10 Things your Financial Advisor is NOT telling you

Financial advisors may not always share the full picture when it comes to managing your money. Advisors often overlook alternative wealth-building strategies due to a lack of knowledge or a conflict of interest. There are a myriad of excellent financial strategies available that you should be aware of. This article will uncover the things your financial advisor might not be telling you and how you take better control of your financial future and make better-informed decisions.

1. Hidden Fees in Products

Variable annuities and mutual funds often carry layers of hidden fees, including management expenses, administrative costs, and surrender charges. These fees, which can range from 1-4% or higher, significantly reduce your investment returns over time. Many advisors don’t emphasize these because they earn commissions from such products. I once worked with a client that was losing money every quarter during a bull market. I looked at the client’s statement to discover that all of the gains were being lost because they were going to the advisor because he had her in products laced with outrageously high fees. There are countless examples of advisors putting clients in awful products just to make huge commissions. This is the unscrupulous part of financial services. Understanding all fees is key to maximizing your returns.

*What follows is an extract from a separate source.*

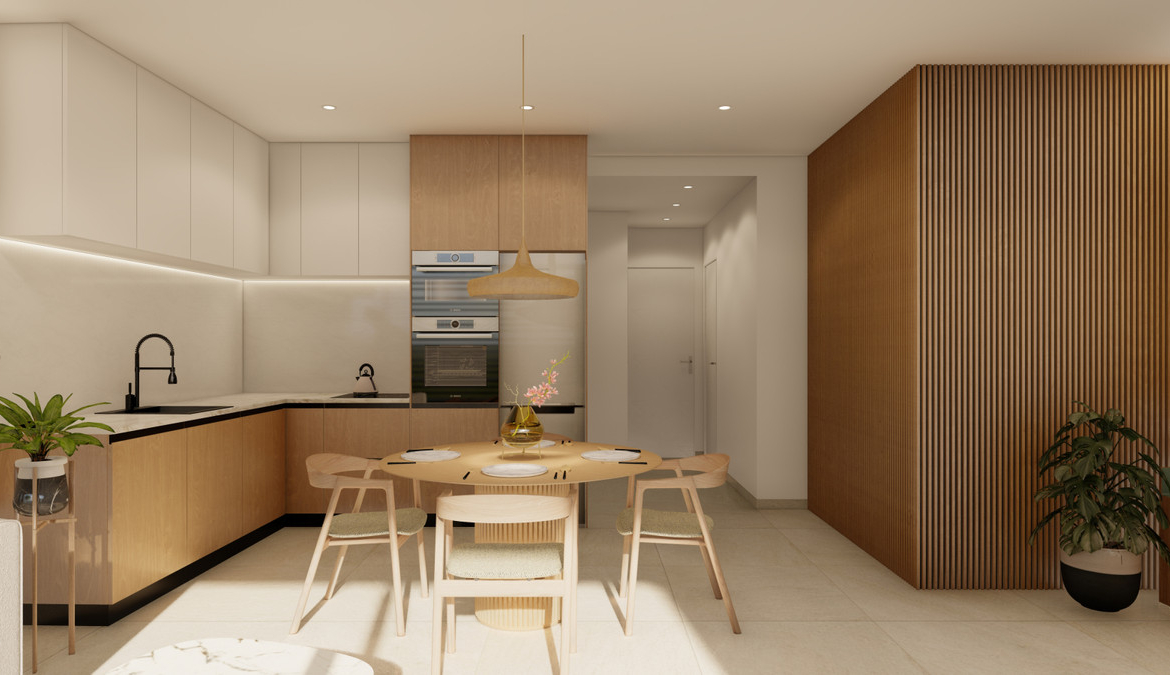 Each bungalow includes a parking space, and all apartments are finished to a high standard. Features include kitchen appliances, electric shutters, pre-installation ducted air conditioning, fully fitted bathrooms, and LED lighting both inside and outside.

2. The Wealth-Building Potential of Cash Value Life Insurance

Cash value life insurance, like whole or Indexed universal life insurance, builds up a savings component that grows tax-deferred. This cash can be borrowed against tax-free for retirement, emergencies, or large purchases. Although traditional investments are usually favored for growth, life insurance offers financial flexibility and guaranteed growth while also providing death benefits, which many advisors may overlook when presenting wealth-building strategies. For business owners, the flexibility is unmatched and can solve a multitude of business planning objectives.

3. Self-Direct Your IRA

Most advisors limit you to traditional IRAs that offer stocks, bonds, and mutual funds. However, self-directed IRAs allow investments in real estate, private businesses, and other alternative assets. Self-direction gives you the freedom to diversify outside conventional investments, potentially offering higher returns or hedging against market volatility. While more complex and requiring careful management, the flexibility of a self-directed IRA can significantly enhance your portfolio.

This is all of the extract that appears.